Data can be shared with MCP servers
Content from your workspace that's shared with your agent can be supplied when making tool calls. A malicious server could clone or otherwise misuse all data sent through it using MCP.
External actions can take place: When you authorize an MCP server, agents can take actions on your behalf using its tools. This might include deleting external data, refunding a charge in a payments system, or placing an order.
Servers can classify their own tools with annotations like "read-only," "destructive," or "open-world," but Notion hasn't verified custom servers for accuracy and completeness.
Notion displays these attributes in the Agent settings.
Agents can take action based on the response
: After making tool calls, Notion Agents use AI to infer the next steps to take based on the information that’s returned.

To learn more about Custom Agents sharing and permissions, see this article.
To better understand and limit the risk of external connections, we recommend the following best practices:
Only add servers you trust.
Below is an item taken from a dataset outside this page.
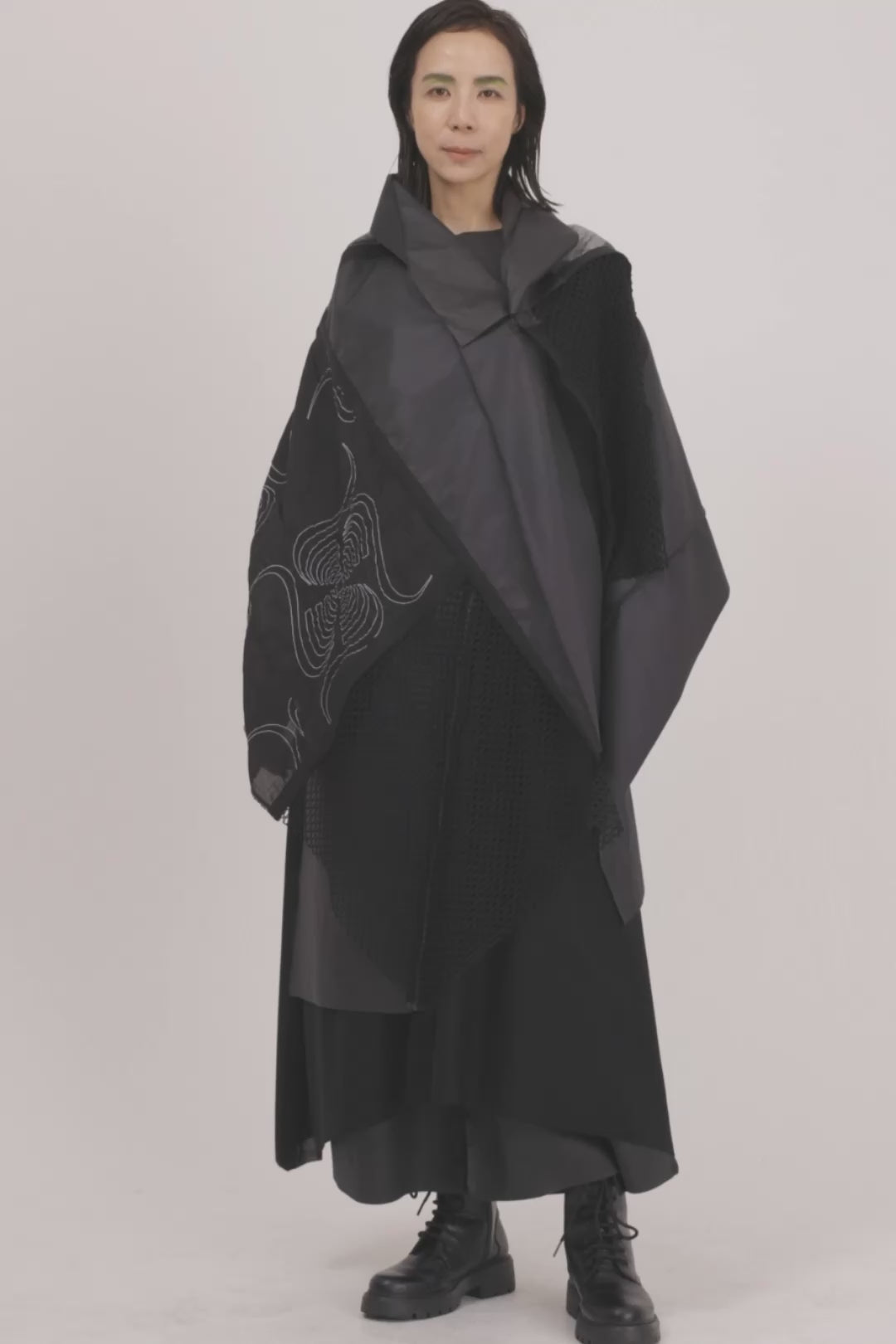 HYBRID PONCHO[WOOL × LEATHER]HANDPAINTED

If you're not an administrator of your workspace, seek approval before adding a new connection. Verify the server is well-known by researching reputable sources and staying informed of any changes to functionality or scope announced by the provider.
Notion scrutinizes built-in servers in the "Add connection" dialog more closely than custom MCP servers your team adds. This doesn't guarantee the server's availability or protection of your data's confidentiality and integrity. Review the quality of all connections and follow the guidance below.
Limit the data shared with your agent. When in doubt, create a new agent for specific purposes with minimal tools and access. Don't share pages or databases the agent doesn't need. Select read-only access unless edits are necessary.
If an agent lacks access to content, it can't share it with an MCP server, reducing the risk from servers that may become malicious.
Limit the tools and resources you enable
. Review agent settings after adding a new connection. Disable any tools you don't need or that lack clear descriptions of what they do.
Prompt for confirmation. Notion defaults to requesting human confirmation for tool calls on all non-read-only tools. Use this setting whenever possible to keep a human in the loop. For background or externally triggered tasks, test the agent first with the most restrictive settings, reviewing each tool call before approving.
Verifying what a connection does before granting unchecked access reduces risk from potentially malicious servers and protects your data.
Review tool call results to ensure side effects align with the tool's published interface and scope. For example, if you expected a payment refund, verify only the intended payment was affected.